A Forecast For 2014 That Is 100% Guaranteed – Dave Landry on Trading

A Forecast For 2014 That Is 100% Guaranteed

By Dave Landry | Random Thoughts

100guaranteedRandom Thoughts

The Ps ended down a smidge on Friday but so far, they only appear to be pulling back. The Quack sold off a little harder but so far, it too only appears to be pulling back.

It was a mixed day internally. It seemed like the bigger cap stocks were flat to soft but the smaller cap stocks did okay. I suppose this isn’t a shocker when you look at the Rusty which managed to gain a little over ½%.

Could this be a harbinger for the so called “January effect?” You know me, one day at a time. And, in general, I tend to be in small(er) cap issues anyway—at least on the long side.

Speaking of taking days one day at time, continue to ignore all the prognostications for 2014 with the exception of mine, of course. I do think my prediction is the only one that’s viable: the market will go up, down, and sideways. I’m pretty sure I’m going to be 100% correct on this one. One of the few things I can guarantee. Focus on the long side when the market is going up. Focus on the short side when the market is going down.
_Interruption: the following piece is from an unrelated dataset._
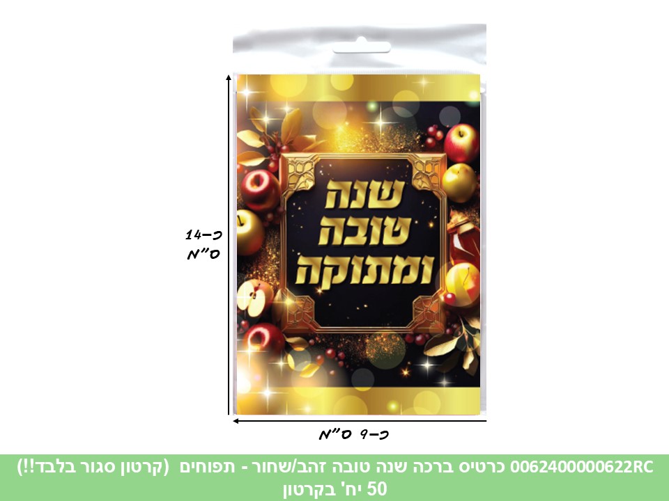 כרטיס ברכה שנה טובה זהב/שחור - תפוחים (קרטון סגור בלבד!!) (50) (ROSH)

And, when the market is going sideways:  focus on saving lives, building buildings, repairing automatic transmissions, or whatever great things you do. It’s really that simple. Notice I said simple and not easy.


Okay, back to the current market. So far, the major indices and most sectors remain in uptrends and have only begun to pull back.

Avoid sectors like Retail, Foods, and Consumer Non-durables that have pulled back into their prior ranges or remain mostly sideways and keep an eye out for other sectors just in case they do the same.

Energies look questionable. Metals & Mining also look questionable overall but there are some pockets of strength here such as Steel, Copper, and Aluminum. Gold & Silver, although weak on Friday, still appear to be in the process of bottoming. “Process” in the key word in that sentence—no need to be a hero just yet.

Bonds continue to hang in there—finding support at their recent lows. I think it’s important for these levels to hold.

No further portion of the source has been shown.